Plan for emergencies
Don’t forget to buy appropriate downhill insurance, as well as making sure your bike is insured. Carry a charged mobile phone with the emergency number (112) in your contacts. There are number markers on the trails which you can quote if you need to be rescued.
Check the weather before you ride and take appropriate clothing, as it can go from being swelteringly hot to feeling like you’re back in Wales very quickly.
Where to stay?
We assumed camping was the cheapest option, but thanks to Airbnb there is no need. There is such a lot of accommodation in Morzine that it’s easy to find an apartment, with parking, which isn’t much more expensive than camping, allows you to save money by self catering and avoids the not unusual thunderstorms. We ended up staying in a nice little place owned by Greg Minnaar’s mechanic. If you’re driving, stop off in Cluses for supplies, or even bring it with you.
If you’re on your own, or with a mate and want to be sociable, the Hideout Hostel is a great place to stay with a choice of shared dorms or en-suite rooms, bike storage, friendly staff and a delicious Asian Fusion menu, which is a refreshing change to the samey menus in the rest of the village.
What else is there to do?
There is masses to do besides cycling, which could be the clincher for getting buy in from the rest of your family to go on holiday, if they’re not keen on shredding.

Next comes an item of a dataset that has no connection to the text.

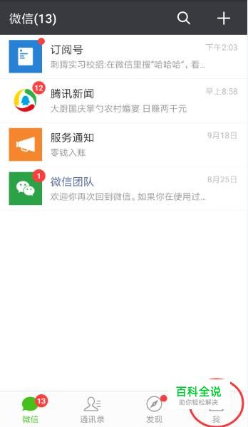 打开你的微信app,主界面右下角点击“我”。

Morzine offers a multi activity pass which costs €2 per person if you buy it for the duration of your holiday or €9 per person for just one day. This gives discounts for loads of the other activities on offer, including the open air swimming pool, the summer luge, paragliding, and free access to many of the lifts if you are walking, tennis courts and indoor ice rink.
The summer luge and Wibit aqua park were great fun to do on our day off, when we were aching from riding!